I understand that this is all theoretical, but the ideas behind this project is to get people thinking outside the box, so why not follow it through to its logical conclusion so we learn something.

What a great way to start the morning! Devotions and a bit of physics! (which as Dr. Korver has demonstrated, can be part of the same activity!)

This is part of Newton’s brilliance (and then later Einstein --that it would apply to space-time, and thus even things like light). But Newton already anticipates and answers your question. There is no difference between dropping something so that it may happen to strike any object (like the earth) that incidentally gets in its way; and moving sideways as it drops – even moving so fast that maybe it never reaches the surface at all (like moons, satellites, or anything in orbit). It’s the same gravity that “bends” all their trajectories. They are all dropping. Some just never hit because they are going sideways so fast that they never approach close enough to their center of attraction to strike it. We call that an orbit (if it isn’t going so fast that it speeds away never to return). That this same thing [gravity] both makes objects drop whether they be planets toward the sun, moons toward planets, or anything else towards … anything else!; --that was the radical brilliance of Newton (hence the moniker ‘universal gravitation’). All mass attracts all mass the same way!

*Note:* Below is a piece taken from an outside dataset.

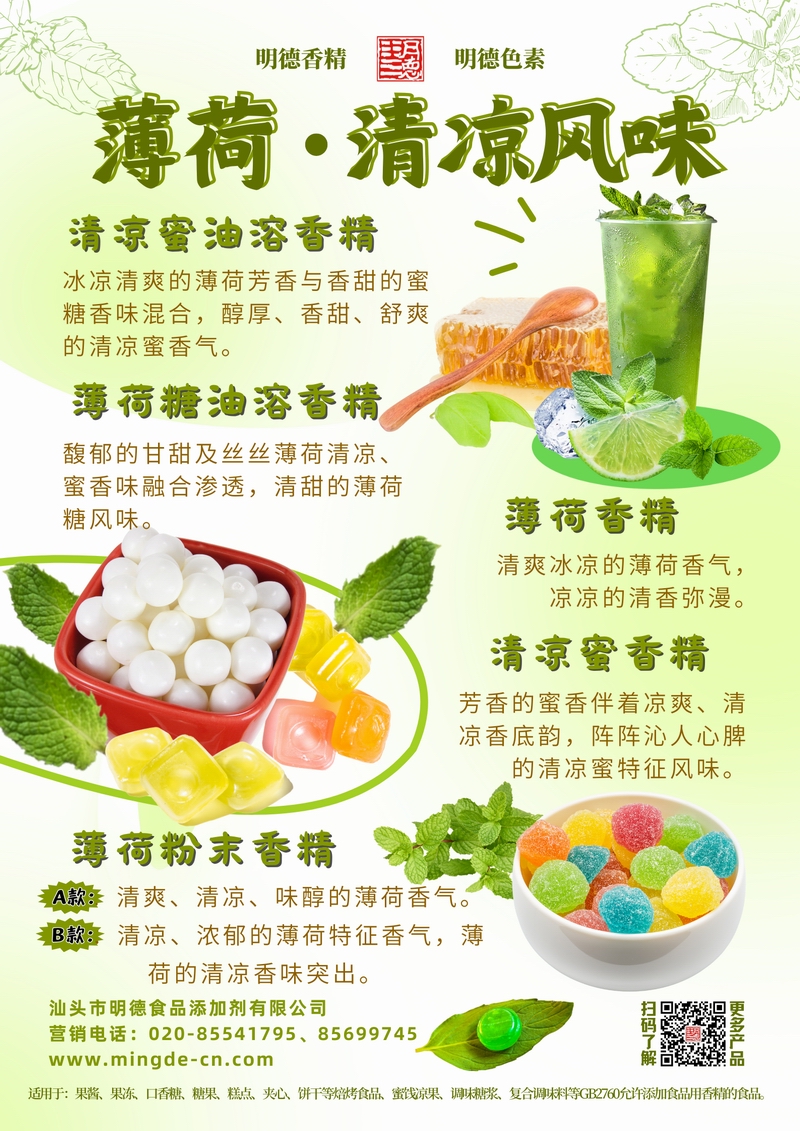 明德薄荷清涼風(fēng)味香精 清涼薄荷 覆蓋糖果飲品場景汕頭市明德食品添加劑有限公司推出的薄荷·清涼風(fēng)味香精系列,涵蓋清涼蜜油溶香精、薄荷糖油溶香精、薄荷香精、清涼蜜香精、薄荷粉末香精等多種調(diào)性。產(chǎn)品清涼舒爽、香氣真實,適用于糖果、飲料、口香糖、烘焙食品及復(fù)合調(diào)味等B端應(yīng)用,幫助工廠快速打造沁人心脾的清涼薄荷風(fēng)味。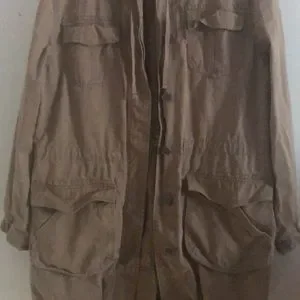 Size L Old Navy Tan Hooded Long Button Down Utility Jacket. Great condition! 100% Cotton

Then Einstein comes along and says it is actually space-time itself being curved by the presence of any mass. So even massless things like speeding photons will follow that “bend” of space just as we would expect any flying masses of comparable velocity to do under the older Newtonian understandings. So it doesn’t matter which way she pointed the light. Those photons were indeed ‘dropping’ in the sense that they experienced the same gravitational acceleration that any mass does. They were just going so fast that said acceleration doesn’t make easily noticeable change in that huge velocity. Imagine a bullet speeding from a gun. It’s going fast enough that any small portion of its path would look pretty straight. But it is dropping just like everything else once it leaves the barrel, and as anyone would easily observe when considering its whole trajectory. And light is going literally nearly a million times faster than a typical speeding bullet!

Perhaps Dr. Korver or @Casper_Hesp can tweak or clean up anything I wrote here if it needs correction.